> **TASK TO CARRY OUT**:
Quote the records exactly, starting at the first line and stopping after the line with "Silberner Anhänger Mutter"; skip the pictures.

(Data excerpts)
#####
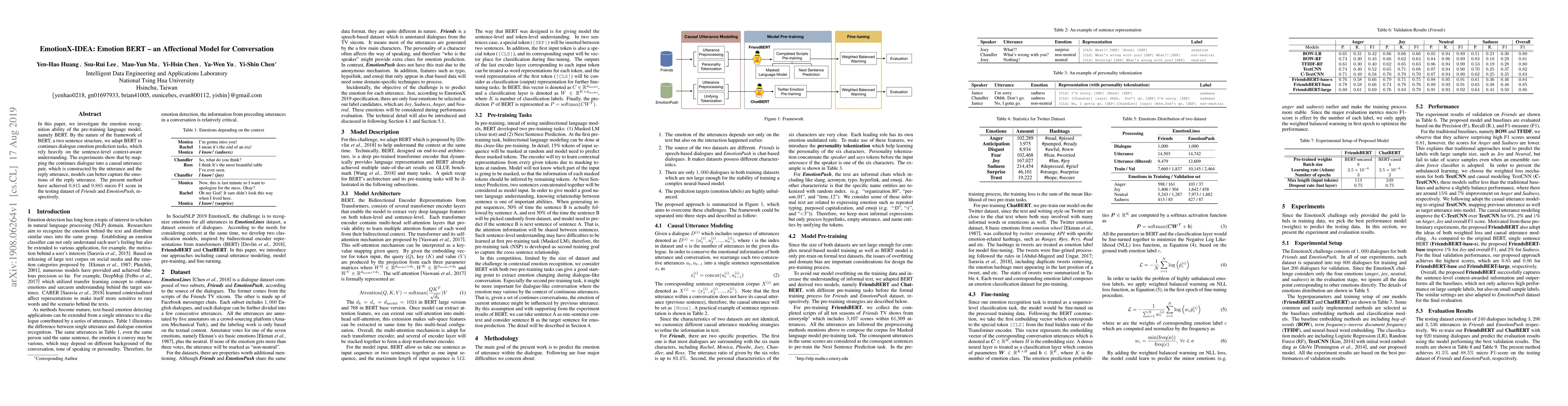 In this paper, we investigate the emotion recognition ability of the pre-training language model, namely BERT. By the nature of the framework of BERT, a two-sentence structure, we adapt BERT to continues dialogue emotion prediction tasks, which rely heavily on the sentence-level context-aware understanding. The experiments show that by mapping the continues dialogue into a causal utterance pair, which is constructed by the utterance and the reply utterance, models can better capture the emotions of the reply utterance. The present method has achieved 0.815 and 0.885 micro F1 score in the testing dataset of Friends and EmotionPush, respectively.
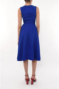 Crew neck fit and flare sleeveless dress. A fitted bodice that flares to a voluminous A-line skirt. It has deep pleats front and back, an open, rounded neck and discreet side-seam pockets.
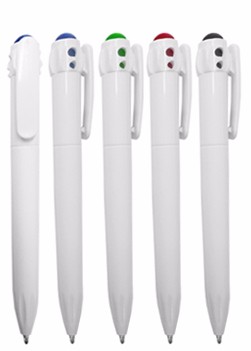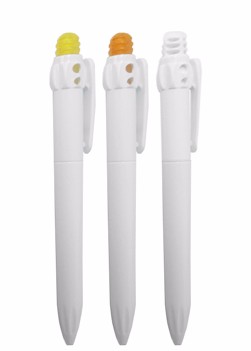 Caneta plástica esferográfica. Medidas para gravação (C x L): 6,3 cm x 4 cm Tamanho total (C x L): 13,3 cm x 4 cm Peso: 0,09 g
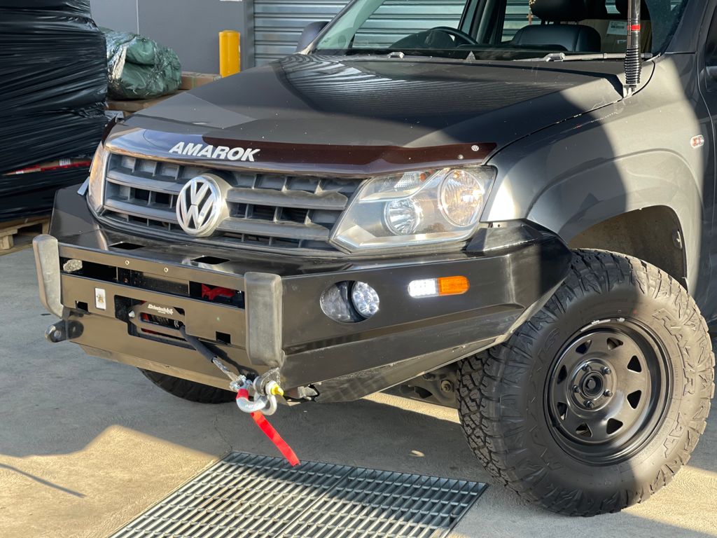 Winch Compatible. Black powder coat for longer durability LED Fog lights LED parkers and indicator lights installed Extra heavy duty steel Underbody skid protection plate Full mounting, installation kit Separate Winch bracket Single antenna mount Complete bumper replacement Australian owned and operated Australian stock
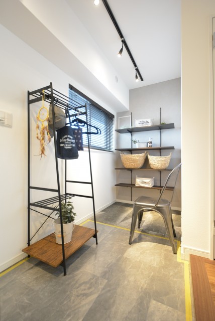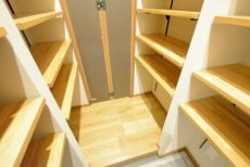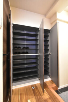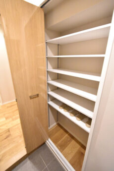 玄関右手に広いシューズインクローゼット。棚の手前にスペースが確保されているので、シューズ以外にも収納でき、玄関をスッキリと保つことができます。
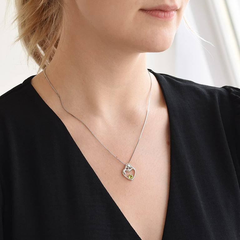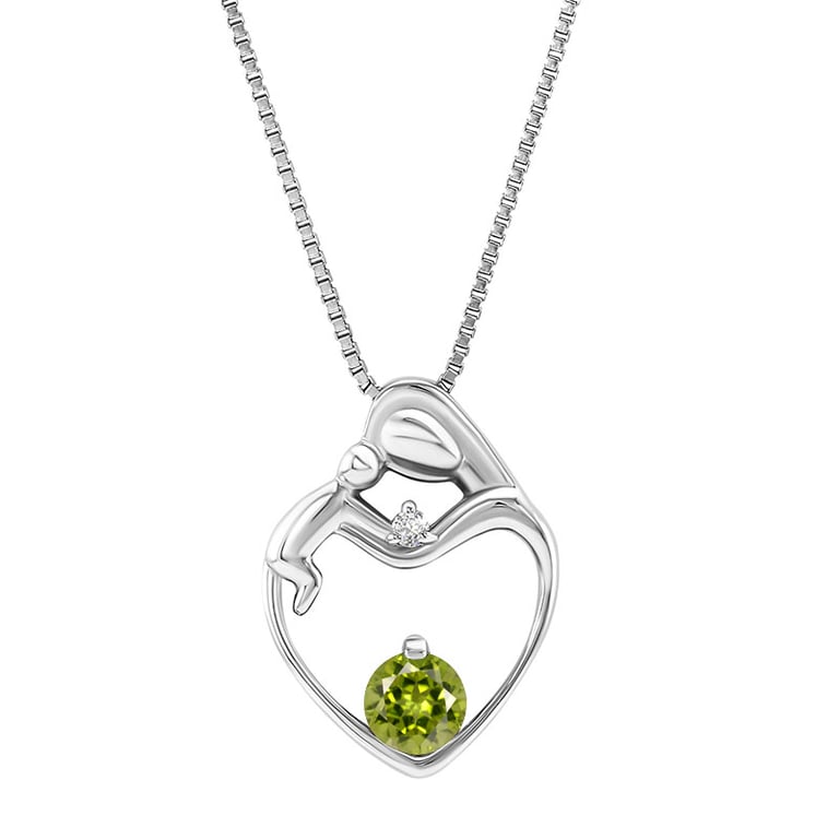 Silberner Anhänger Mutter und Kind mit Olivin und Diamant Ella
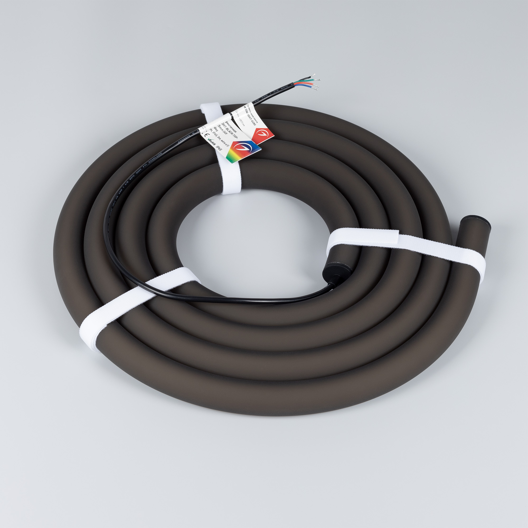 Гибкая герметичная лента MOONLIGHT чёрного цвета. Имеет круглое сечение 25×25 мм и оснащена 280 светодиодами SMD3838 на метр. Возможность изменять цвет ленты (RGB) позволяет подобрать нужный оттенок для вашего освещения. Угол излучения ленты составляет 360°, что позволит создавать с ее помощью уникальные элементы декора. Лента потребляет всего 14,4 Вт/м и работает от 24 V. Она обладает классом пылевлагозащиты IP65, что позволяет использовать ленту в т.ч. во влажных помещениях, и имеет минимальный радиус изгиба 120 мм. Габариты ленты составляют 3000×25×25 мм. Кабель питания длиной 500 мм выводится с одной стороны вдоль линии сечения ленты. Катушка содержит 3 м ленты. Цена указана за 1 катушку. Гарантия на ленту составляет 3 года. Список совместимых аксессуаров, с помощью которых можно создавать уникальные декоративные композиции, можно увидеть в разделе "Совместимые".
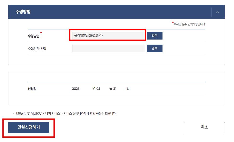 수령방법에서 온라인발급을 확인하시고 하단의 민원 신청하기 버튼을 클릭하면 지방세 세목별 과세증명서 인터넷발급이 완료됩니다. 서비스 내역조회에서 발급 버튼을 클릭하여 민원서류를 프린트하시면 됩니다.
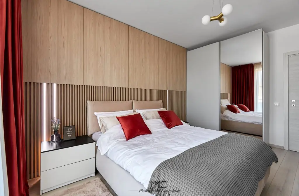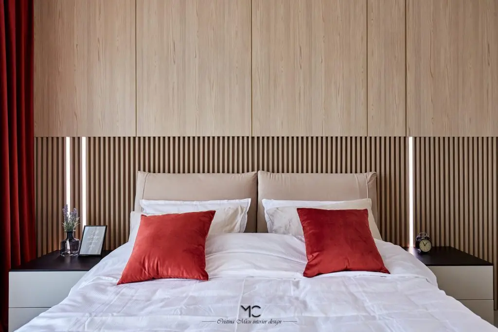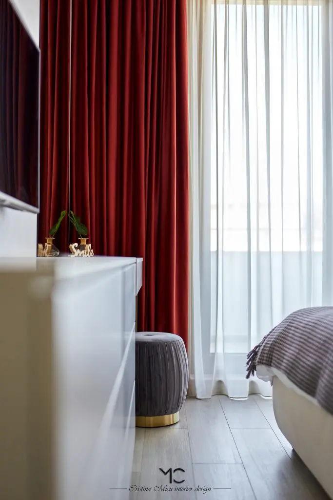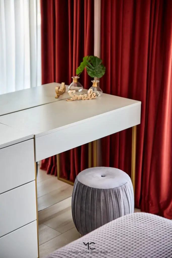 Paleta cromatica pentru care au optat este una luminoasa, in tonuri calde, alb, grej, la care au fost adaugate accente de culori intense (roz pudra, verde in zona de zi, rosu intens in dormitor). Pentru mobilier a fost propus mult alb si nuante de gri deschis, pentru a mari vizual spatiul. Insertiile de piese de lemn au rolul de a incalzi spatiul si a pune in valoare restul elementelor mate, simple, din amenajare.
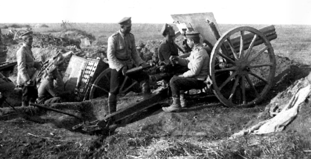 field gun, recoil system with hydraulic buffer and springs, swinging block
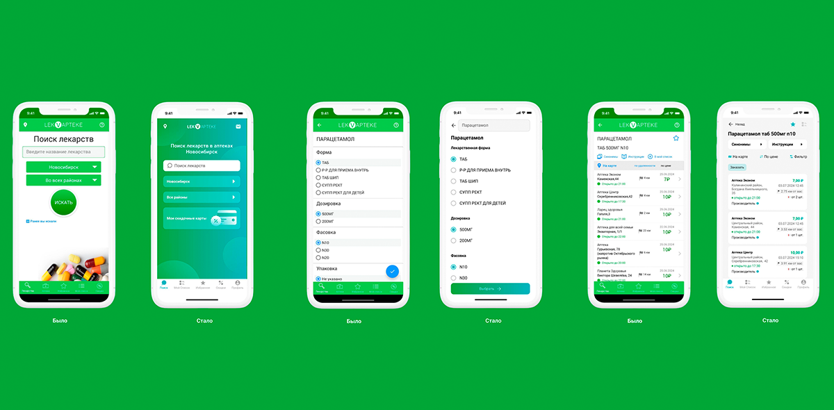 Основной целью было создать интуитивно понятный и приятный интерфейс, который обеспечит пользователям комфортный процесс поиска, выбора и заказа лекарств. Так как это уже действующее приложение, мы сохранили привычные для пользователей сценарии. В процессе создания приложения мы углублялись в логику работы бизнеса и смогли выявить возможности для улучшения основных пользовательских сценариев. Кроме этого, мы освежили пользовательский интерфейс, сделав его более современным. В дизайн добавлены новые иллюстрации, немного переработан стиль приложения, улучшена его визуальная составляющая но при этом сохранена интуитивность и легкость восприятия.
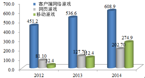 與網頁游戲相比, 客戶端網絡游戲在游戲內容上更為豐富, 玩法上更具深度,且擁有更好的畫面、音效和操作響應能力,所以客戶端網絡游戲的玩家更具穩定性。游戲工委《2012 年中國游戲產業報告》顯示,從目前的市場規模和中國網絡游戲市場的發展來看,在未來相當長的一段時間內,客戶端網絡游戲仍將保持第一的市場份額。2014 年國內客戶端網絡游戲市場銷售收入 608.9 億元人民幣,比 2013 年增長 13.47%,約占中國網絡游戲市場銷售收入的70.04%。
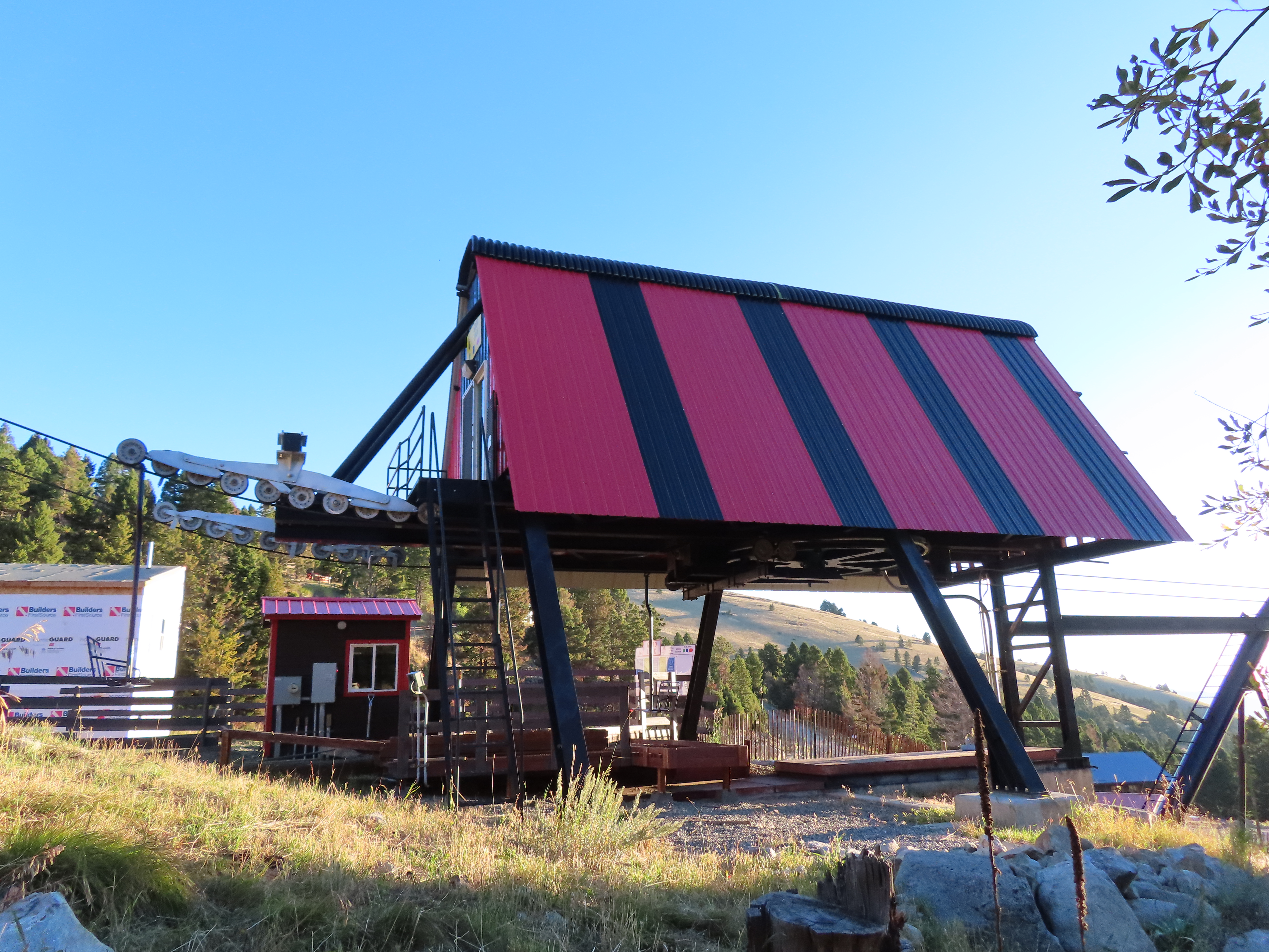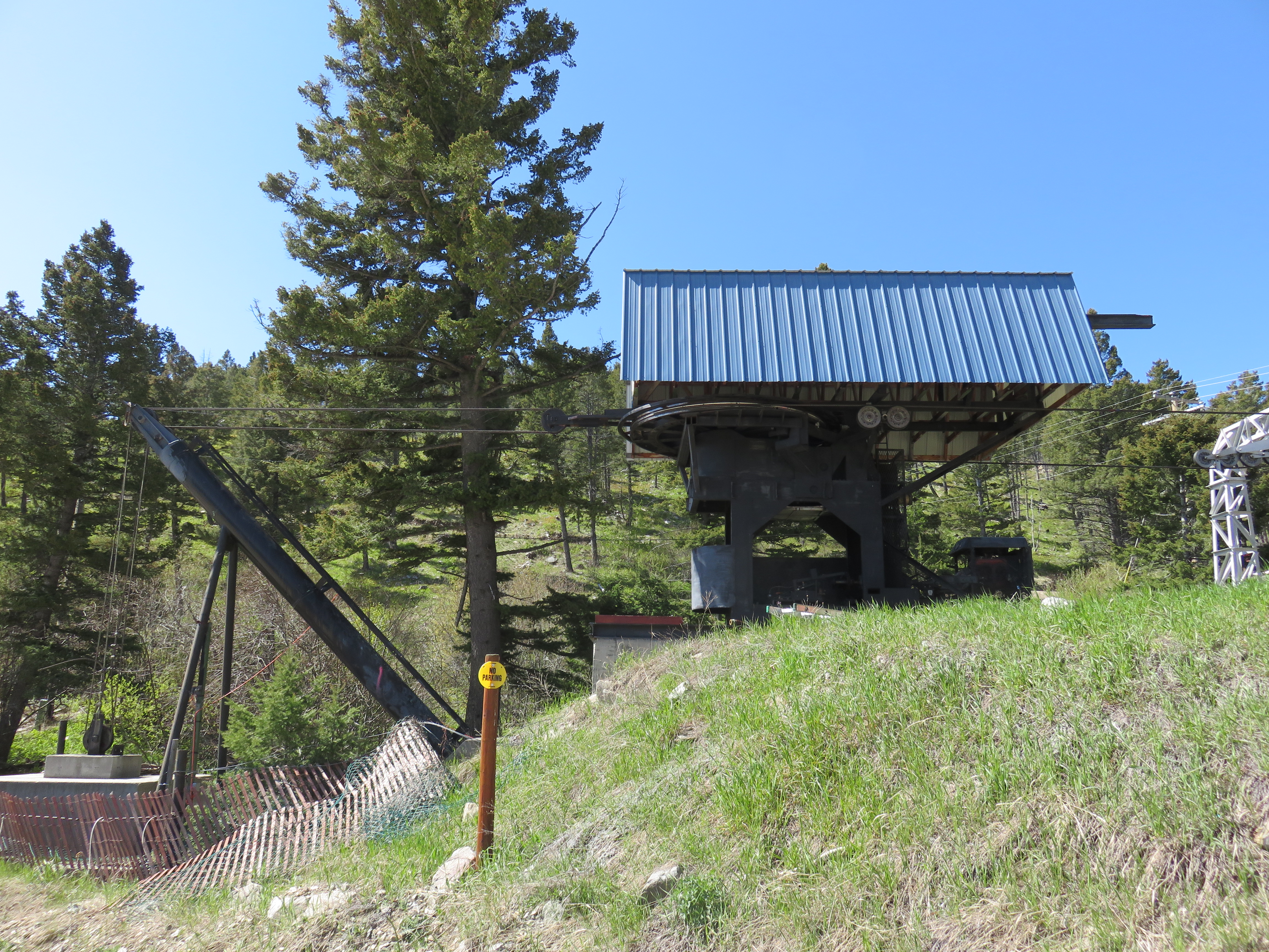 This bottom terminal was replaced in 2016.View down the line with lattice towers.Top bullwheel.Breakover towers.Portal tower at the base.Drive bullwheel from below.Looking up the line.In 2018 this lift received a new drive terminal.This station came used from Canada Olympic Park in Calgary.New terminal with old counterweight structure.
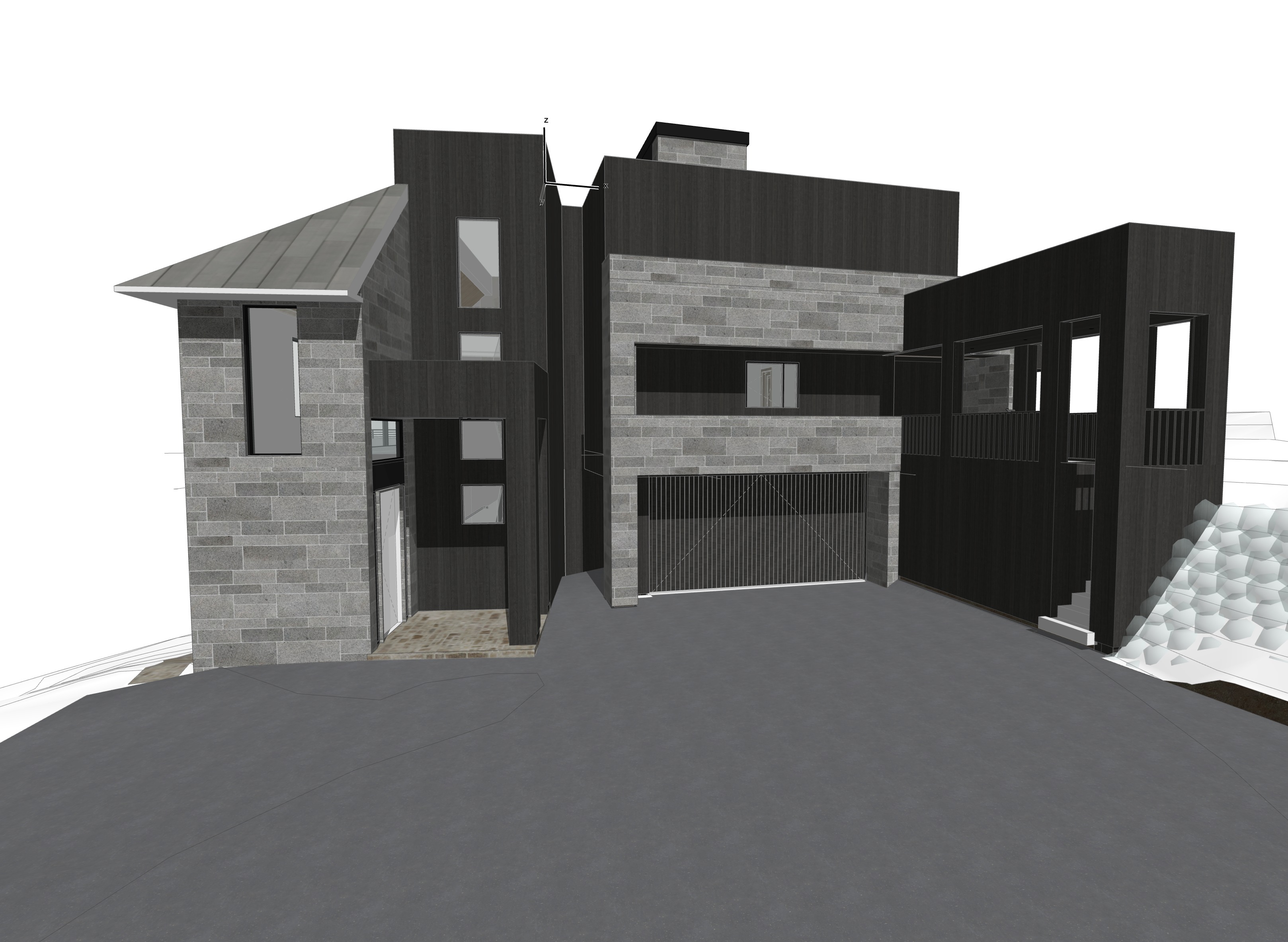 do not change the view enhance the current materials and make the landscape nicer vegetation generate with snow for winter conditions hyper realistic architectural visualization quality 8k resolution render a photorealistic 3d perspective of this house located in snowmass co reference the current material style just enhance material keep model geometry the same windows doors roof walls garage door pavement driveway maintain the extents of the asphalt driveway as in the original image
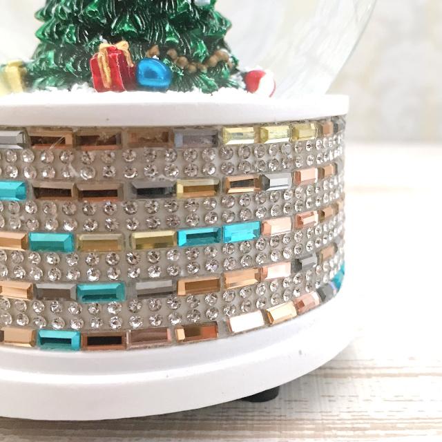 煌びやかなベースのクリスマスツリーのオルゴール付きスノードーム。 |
#####
> **SOLUTION FOR THIS PROBLEM**:
 In this paper, we investigate the emotion recognition ability of the pre-training language model, namely BERT. By the nature of the framework of BERT, a two-sentence structure, we adapt BERT to continues dialogue emotion prediction tasks, which rely heavily on the sentence-level context-aware understanding. The experiments show that by mapping the continues dialogue into a causal utterance pair, which is constructed by the utterance and the reply utterance, models can better capture the emotions of the reply utterance. The present method has achieved 0.815 and 0.885 micro F1 score in the testing dataset of Friends and EmotionPush, respectively.
 Crew neck fit and flare sleeveless dress. A fitted bodice that flares to a voluminous A-line skirt. It has deep pleats front and back, an open, rounded neck and discreet side-seam pockets.
 Caneta plástica esferográfica. Medidas para gravação (C x L): 6,3 cm x 4 cm Tamanho total (C x L): 13,3 cm x 4 cm Peso: 0,09 g
 Winch Compatible. Black powder coat for longer durability LED Fog lights LED parkers and indicator lights installed Extra heavy duty steel Underbody skid protection plate Full mounting, installation kit Separate Winch bracket Single antenna mount Complete bumper replacement Australian owned and operated Australian stock
 玄関右手に広いシューズインクローゼット。棚の手前にスペースが確保されているので、シューズ以外にも収納でき、玄関をスッキリと保つことができます。
 Silberner Anhänger Mutter und Kind mit Olivin und Diamant Ella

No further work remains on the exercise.